* [Task brief]: An exact copy of the data is required, with no pictures in it.

* [Data excerpt]:

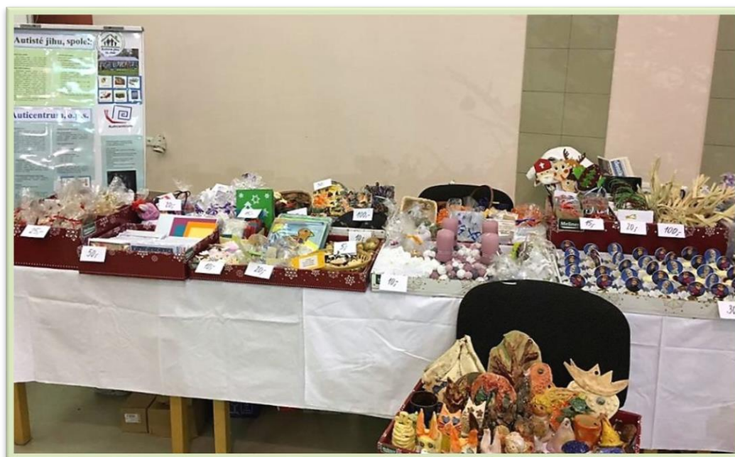
Vánoce jsou za dveřmi...

Na prosincových Adventních trzích na Výstavišti v Českých Budějovicích jsme prodávali vánoční dárečky - dekorativní a upomínkové předměty, které rodiče a děti vyráběli během celého roku.
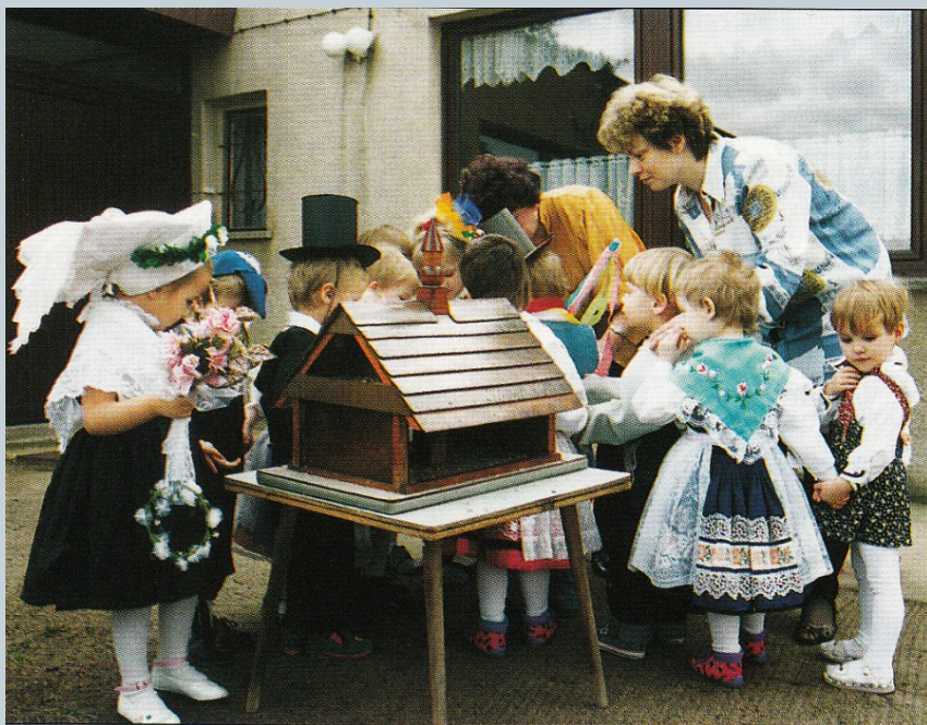
Ptaškowa swajźba w żiśowni w Żyłowje „Ptačí svatba“ ve školce v obci Żyłow/Sielow.

* [Completed task]:
Vánoce jsou za dveřmi...

Na prosincových Adventních trzích na Výstavišti v Českých Budějovicích jsme prodávali vánoční dárečky - dekorativní a upomínkové předměty, které rodiče a děti vyráběli během celého roku.
Ptaškowa swajźba w żiśowni w Żyłowje „Ptačí svatba“ ve školce v obci Żyłow/Sielow.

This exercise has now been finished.